[Stored entries]
++++++++++++++++++++
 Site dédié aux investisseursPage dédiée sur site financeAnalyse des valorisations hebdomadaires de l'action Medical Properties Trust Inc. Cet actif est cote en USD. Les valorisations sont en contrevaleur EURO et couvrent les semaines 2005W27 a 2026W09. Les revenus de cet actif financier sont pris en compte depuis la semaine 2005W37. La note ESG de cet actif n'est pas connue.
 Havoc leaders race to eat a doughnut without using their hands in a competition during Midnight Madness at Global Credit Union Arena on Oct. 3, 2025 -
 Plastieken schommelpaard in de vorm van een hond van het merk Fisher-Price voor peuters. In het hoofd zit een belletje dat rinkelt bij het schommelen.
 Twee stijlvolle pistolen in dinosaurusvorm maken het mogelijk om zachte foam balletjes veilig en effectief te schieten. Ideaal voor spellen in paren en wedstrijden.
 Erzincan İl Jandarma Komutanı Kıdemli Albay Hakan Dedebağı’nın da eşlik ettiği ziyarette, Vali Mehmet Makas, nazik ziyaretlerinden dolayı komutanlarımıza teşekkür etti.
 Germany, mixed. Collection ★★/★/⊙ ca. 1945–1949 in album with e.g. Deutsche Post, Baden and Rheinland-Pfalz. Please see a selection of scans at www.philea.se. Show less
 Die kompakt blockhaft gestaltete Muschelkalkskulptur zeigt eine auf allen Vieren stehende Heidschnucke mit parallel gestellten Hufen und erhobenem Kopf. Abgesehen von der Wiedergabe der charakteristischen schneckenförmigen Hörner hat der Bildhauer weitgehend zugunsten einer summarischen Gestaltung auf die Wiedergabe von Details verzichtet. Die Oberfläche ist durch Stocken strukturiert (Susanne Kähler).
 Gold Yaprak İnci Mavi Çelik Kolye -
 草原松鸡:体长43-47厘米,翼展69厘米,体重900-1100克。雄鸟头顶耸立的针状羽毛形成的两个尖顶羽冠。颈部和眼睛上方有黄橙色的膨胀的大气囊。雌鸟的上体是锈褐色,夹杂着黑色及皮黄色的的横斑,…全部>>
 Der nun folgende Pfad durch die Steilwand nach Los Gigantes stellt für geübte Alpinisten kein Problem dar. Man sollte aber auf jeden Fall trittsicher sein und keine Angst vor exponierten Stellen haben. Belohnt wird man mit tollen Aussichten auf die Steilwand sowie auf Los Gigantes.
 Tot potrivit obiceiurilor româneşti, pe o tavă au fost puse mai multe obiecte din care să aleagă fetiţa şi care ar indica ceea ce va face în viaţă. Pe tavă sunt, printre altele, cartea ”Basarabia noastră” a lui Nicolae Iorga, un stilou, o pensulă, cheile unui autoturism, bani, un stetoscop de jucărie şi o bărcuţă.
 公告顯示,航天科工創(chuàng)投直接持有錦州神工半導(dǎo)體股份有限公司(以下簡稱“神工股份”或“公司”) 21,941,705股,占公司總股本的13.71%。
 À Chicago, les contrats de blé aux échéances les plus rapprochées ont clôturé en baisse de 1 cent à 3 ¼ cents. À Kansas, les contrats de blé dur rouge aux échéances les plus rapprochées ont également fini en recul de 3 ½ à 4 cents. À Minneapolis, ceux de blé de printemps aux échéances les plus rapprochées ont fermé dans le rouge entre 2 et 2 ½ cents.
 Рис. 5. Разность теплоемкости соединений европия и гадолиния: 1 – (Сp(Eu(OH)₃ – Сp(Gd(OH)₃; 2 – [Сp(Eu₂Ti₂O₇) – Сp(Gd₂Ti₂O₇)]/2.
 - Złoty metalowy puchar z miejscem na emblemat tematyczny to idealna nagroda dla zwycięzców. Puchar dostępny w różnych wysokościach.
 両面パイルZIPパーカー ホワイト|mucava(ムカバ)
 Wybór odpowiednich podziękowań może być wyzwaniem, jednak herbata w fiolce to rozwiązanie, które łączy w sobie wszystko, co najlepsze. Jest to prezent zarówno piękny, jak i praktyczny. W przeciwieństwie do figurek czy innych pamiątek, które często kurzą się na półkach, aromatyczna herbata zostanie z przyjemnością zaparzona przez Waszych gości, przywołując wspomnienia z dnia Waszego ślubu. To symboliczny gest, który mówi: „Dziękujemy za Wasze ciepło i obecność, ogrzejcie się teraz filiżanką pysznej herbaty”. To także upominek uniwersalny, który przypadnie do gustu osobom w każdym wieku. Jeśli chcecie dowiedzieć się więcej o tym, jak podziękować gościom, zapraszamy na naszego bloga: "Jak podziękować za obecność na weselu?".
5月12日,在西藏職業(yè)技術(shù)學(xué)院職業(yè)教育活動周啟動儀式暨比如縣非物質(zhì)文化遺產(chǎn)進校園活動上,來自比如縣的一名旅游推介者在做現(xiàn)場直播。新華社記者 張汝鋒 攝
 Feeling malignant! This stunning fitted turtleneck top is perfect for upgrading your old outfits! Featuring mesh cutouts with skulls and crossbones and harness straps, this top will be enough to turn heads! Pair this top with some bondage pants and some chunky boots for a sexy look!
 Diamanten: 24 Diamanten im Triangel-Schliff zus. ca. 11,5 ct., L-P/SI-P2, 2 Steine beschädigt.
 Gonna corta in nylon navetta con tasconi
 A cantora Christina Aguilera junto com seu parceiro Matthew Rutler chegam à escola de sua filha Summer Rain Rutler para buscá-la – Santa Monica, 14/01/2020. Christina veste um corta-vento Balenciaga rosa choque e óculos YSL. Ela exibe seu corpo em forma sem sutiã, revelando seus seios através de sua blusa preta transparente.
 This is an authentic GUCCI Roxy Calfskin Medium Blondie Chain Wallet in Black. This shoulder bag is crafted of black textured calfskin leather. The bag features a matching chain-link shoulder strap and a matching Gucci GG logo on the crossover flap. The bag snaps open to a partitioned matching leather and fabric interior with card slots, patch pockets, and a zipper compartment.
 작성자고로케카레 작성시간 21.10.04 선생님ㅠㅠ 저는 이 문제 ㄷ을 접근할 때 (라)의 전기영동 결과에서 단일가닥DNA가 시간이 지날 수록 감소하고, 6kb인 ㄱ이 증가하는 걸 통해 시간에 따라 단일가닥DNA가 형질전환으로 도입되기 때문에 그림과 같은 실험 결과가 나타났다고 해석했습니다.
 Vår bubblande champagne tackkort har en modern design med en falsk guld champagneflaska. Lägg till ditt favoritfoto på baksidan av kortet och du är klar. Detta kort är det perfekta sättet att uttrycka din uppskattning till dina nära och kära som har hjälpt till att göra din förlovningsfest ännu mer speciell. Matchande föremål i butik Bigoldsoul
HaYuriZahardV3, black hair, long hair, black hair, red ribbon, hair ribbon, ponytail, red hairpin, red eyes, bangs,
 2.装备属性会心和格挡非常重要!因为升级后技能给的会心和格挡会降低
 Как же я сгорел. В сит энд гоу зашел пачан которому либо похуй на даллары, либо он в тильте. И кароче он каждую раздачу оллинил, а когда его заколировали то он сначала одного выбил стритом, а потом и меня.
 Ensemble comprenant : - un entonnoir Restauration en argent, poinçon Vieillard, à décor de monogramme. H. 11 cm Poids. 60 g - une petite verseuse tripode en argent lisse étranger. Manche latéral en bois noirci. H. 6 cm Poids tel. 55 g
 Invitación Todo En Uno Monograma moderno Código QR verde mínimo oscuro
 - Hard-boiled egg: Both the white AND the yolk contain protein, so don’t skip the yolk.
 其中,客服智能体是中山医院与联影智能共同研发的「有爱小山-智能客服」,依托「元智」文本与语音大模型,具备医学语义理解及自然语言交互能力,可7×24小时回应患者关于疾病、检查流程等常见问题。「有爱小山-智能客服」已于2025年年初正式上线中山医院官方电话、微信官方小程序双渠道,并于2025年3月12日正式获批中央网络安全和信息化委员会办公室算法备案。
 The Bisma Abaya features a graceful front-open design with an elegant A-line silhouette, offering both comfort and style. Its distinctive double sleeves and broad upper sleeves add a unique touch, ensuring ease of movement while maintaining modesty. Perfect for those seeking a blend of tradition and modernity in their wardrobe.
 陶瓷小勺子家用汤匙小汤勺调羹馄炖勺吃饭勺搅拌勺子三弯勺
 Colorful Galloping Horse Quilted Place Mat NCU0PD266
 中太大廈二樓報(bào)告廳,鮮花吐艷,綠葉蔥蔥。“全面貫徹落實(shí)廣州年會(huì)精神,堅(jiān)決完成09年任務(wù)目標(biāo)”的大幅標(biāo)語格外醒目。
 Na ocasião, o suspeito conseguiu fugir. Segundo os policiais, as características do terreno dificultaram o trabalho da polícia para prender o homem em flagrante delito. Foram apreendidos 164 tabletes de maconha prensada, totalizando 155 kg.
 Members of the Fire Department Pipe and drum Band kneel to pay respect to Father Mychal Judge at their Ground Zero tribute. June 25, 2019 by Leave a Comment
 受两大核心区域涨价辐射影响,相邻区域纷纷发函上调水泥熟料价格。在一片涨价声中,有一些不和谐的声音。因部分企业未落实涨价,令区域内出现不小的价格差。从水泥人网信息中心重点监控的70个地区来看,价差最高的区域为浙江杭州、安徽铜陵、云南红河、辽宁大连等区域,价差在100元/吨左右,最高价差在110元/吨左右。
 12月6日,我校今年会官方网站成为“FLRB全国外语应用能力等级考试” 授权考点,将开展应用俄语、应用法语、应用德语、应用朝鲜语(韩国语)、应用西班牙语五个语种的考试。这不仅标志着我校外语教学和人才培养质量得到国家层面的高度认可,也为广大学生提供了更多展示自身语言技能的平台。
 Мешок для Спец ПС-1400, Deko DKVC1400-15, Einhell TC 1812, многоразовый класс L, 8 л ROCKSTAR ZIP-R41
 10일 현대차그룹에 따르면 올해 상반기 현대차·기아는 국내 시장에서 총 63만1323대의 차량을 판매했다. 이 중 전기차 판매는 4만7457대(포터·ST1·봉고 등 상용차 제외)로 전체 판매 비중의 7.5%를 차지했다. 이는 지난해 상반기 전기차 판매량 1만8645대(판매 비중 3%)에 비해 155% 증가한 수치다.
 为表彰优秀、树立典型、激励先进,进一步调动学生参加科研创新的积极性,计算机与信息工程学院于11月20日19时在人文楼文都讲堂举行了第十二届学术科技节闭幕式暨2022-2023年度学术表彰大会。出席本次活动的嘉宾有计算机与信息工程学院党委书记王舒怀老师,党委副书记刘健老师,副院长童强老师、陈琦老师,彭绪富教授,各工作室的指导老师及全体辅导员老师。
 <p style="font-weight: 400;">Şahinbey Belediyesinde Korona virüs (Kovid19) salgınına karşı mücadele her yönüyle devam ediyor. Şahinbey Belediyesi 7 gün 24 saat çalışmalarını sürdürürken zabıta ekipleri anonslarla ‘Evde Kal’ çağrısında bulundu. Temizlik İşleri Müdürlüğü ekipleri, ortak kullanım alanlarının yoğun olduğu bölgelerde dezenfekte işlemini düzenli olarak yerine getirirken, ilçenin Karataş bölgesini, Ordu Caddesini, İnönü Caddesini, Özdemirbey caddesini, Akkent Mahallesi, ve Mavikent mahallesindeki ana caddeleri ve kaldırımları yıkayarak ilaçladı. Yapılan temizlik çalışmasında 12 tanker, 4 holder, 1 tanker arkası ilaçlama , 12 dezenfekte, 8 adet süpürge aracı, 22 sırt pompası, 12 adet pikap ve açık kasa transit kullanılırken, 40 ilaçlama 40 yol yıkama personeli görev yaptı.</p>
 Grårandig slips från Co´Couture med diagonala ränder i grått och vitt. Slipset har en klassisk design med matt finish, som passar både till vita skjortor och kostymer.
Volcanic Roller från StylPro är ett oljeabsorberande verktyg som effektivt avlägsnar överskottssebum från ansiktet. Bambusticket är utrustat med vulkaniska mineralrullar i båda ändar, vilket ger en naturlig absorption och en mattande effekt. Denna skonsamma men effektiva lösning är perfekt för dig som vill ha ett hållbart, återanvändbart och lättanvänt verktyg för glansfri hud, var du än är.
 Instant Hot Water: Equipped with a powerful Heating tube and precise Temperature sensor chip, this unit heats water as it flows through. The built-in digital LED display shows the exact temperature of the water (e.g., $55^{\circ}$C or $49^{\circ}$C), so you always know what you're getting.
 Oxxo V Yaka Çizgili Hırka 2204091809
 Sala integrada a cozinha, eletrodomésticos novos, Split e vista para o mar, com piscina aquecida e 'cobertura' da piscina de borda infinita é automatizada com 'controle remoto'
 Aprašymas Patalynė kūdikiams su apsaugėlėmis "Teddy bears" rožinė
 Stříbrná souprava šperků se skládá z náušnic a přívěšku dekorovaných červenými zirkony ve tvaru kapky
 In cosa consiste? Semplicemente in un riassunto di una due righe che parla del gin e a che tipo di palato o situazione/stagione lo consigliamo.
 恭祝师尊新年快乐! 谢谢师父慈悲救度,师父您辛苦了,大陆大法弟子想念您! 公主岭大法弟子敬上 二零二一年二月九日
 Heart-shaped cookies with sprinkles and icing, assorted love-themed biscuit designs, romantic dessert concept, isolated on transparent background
++++++++++++++++++++
Please give the number of lines in the data above that include the string "durch", and nothing else.

→ **THE ANSWER**: 2